— Working data —
*** Begin section ***

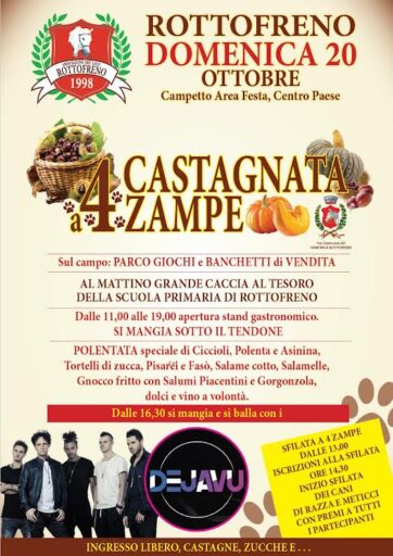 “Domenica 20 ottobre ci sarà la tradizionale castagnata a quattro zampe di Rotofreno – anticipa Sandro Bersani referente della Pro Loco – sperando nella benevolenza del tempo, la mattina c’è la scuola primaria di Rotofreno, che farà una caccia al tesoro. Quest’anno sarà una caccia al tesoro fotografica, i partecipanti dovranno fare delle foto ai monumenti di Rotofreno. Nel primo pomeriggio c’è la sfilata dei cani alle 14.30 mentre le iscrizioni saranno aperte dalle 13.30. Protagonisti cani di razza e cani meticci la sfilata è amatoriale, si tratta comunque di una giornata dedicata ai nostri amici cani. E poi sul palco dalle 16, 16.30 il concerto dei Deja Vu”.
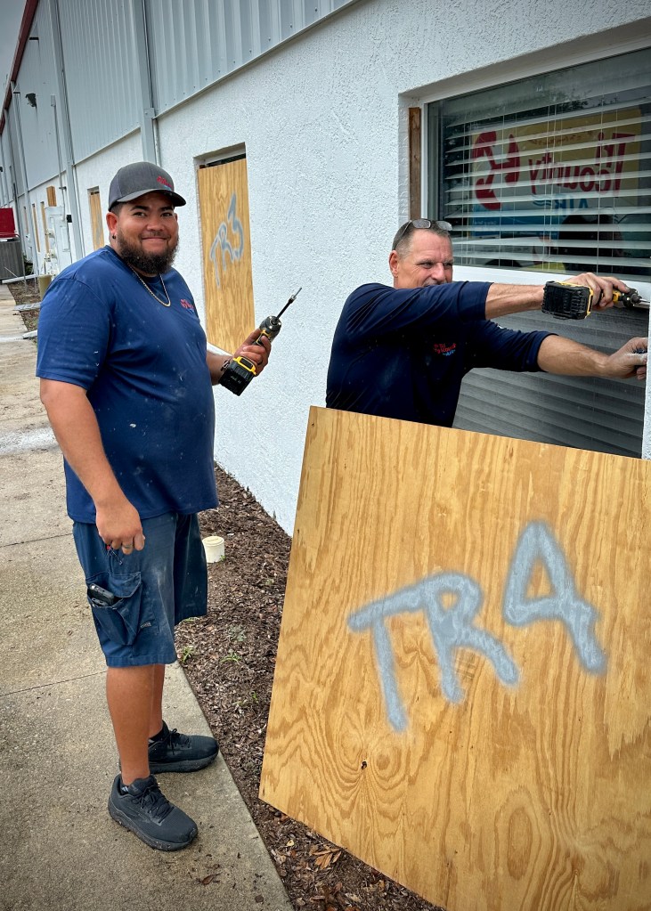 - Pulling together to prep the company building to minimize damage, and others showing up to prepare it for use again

*** End section ***
*** Begin section ***

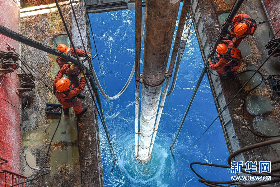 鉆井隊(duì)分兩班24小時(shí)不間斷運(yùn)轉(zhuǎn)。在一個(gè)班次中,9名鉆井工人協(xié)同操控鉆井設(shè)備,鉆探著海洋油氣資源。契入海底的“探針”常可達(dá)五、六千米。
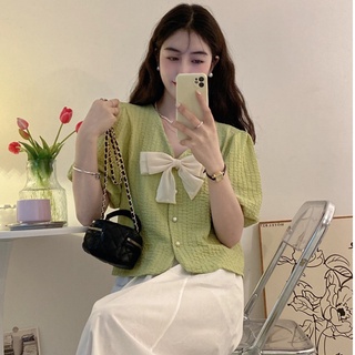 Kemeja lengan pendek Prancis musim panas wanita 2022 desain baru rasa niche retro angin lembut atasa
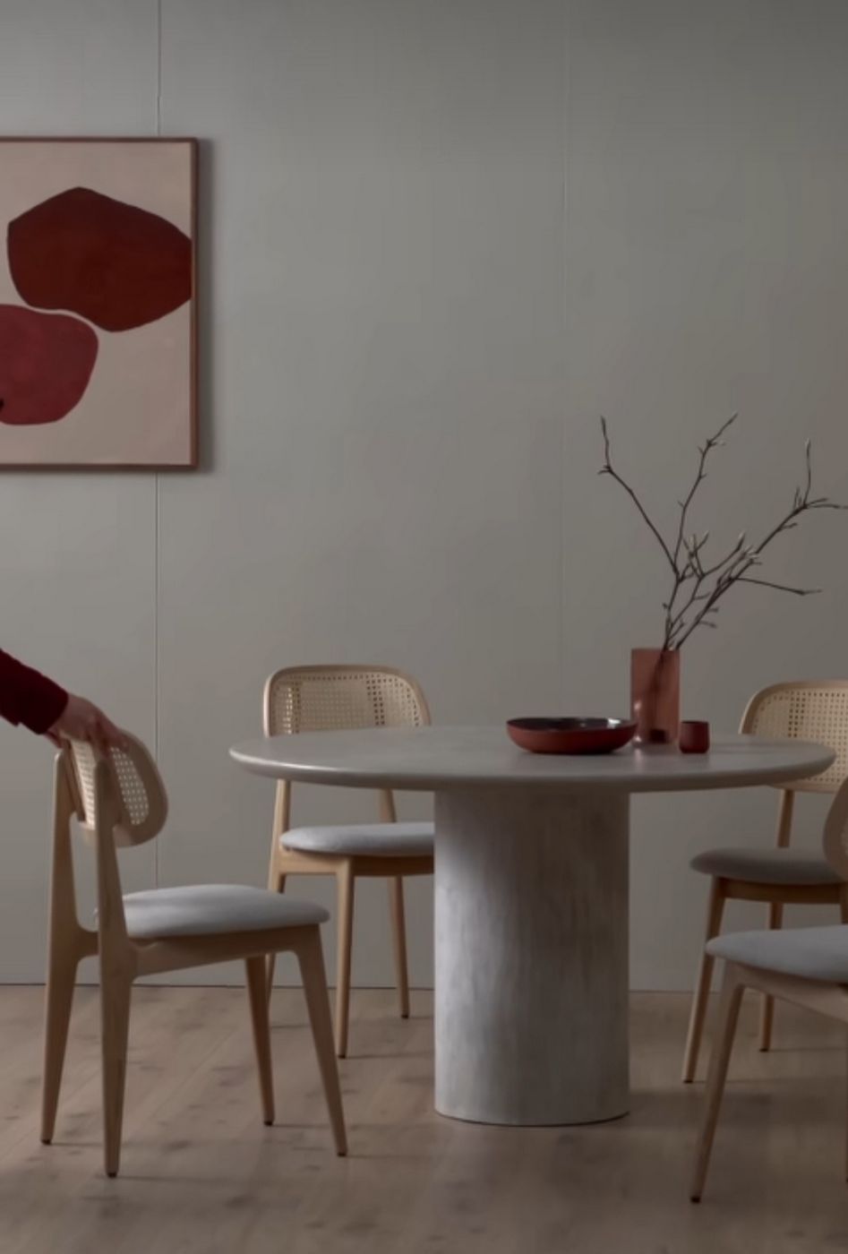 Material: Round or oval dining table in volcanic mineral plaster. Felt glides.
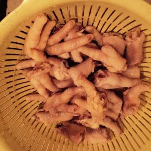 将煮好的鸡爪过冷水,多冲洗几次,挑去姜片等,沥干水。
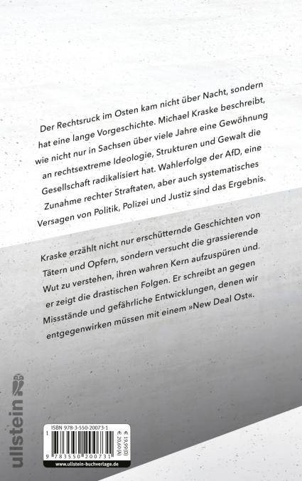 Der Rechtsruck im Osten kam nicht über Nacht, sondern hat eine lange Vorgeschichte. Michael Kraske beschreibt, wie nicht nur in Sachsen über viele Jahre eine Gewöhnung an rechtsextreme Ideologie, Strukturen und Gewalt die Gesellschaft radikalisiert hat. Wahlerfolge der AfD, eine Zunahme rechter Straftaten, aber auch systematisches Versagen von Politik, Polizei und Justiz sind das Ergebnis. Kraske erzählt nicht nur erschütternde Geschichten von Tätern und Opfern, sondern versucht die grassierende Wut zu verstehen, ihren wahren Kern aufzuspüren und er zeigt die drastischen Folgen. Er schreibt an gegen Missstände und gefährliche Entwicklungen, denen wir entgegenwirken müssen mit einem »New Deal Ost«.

*** End section ***
*** Begin section ***

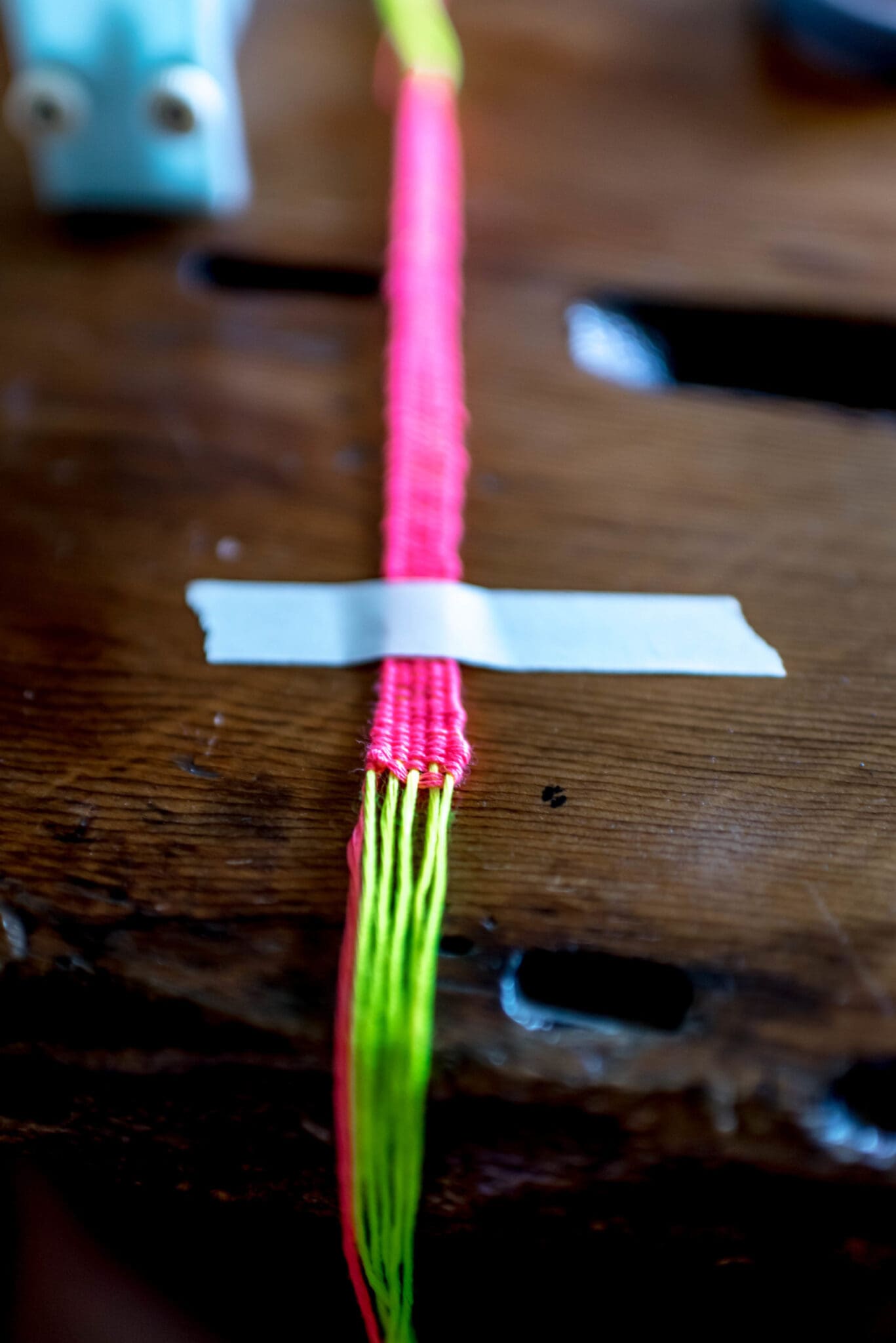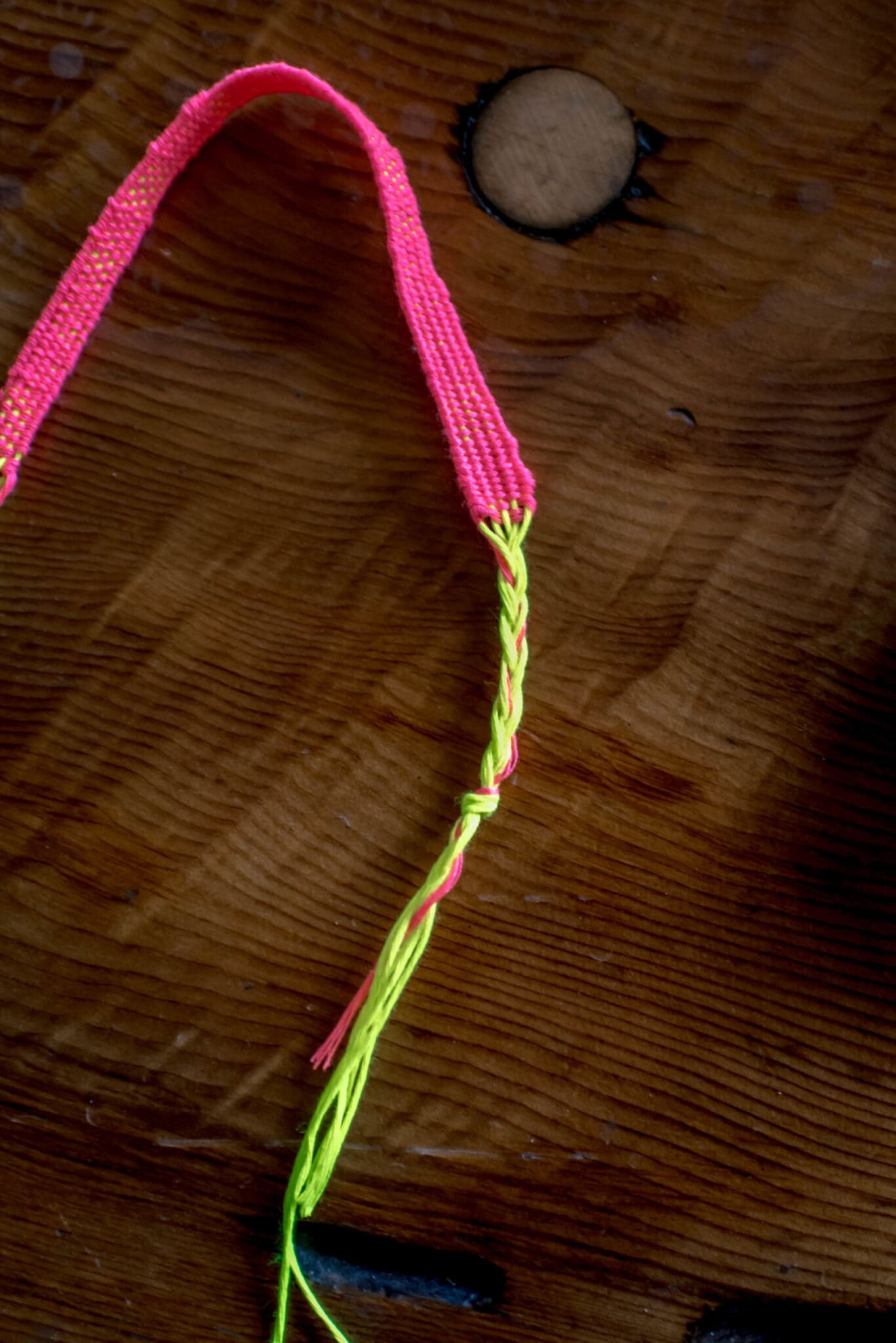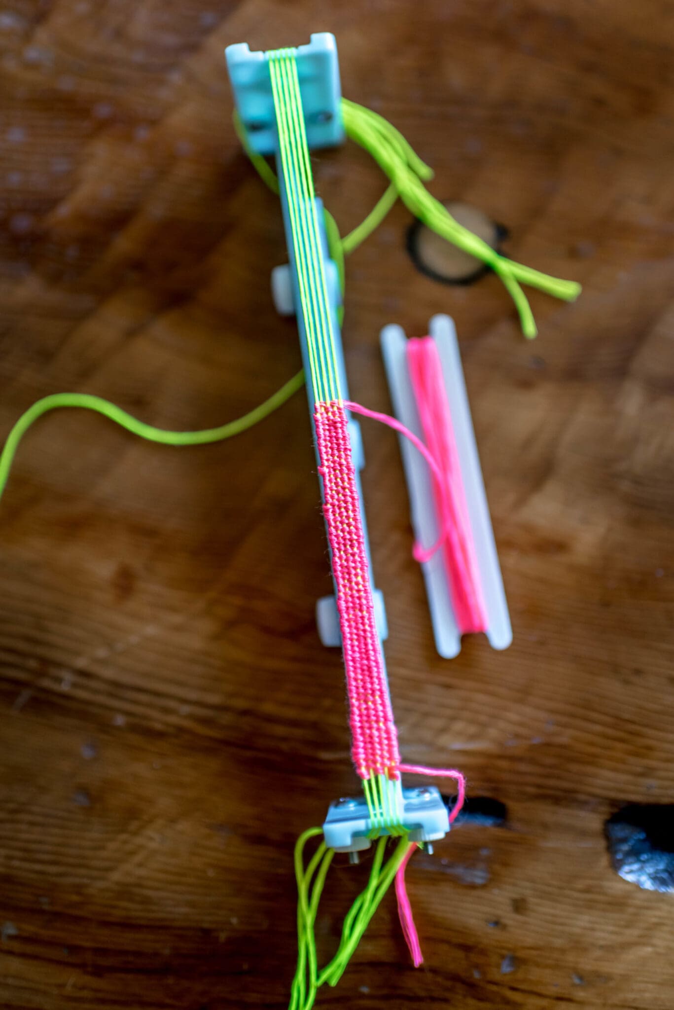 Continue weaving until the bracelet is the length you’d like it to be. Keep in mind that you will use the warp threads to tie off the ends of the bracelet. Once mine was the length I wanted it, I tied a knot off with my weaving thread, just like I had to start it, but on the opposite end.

*** End section ***

— Your assignment —
The line holding "20 ottobre ci" starts the copy and the line holding "- Pulling together" ends it. Repeat those two lines above and all between them exactly, leaving out pictures.

— Response to this task —
 “Domenica 20 ottobre ci sarà la tradizionale castagnata a quattro zampe di Rotofreno – anticipa Sandro Bersani referente della Pro Loco – sperando nella benevolenza del tempo, la mattina c’è la scuola primaria di Rotofreno, che farà una caccia al tesoro. Quest’anno sarà una caccia al tesoro fotografica, i partecipanti dovranno fare delle foto ai monumenti di Rotofreno. Nel primo pomeriggio c’è la sfilata dei cani alle 14.30 mentre le iscrizioni saranno aperte dalle 13.30. Protagonisti cani di razza e cani meticci la sfilata è amatoriale, si tratta comunque di una giornata dedicata ai nostri amici cani. E poi sul palco dalle 16, 16.30 il concerto dei Deja Vu”.
 - Pulling together to prep the company building to minimize damage, and others showing up to prepare it for use again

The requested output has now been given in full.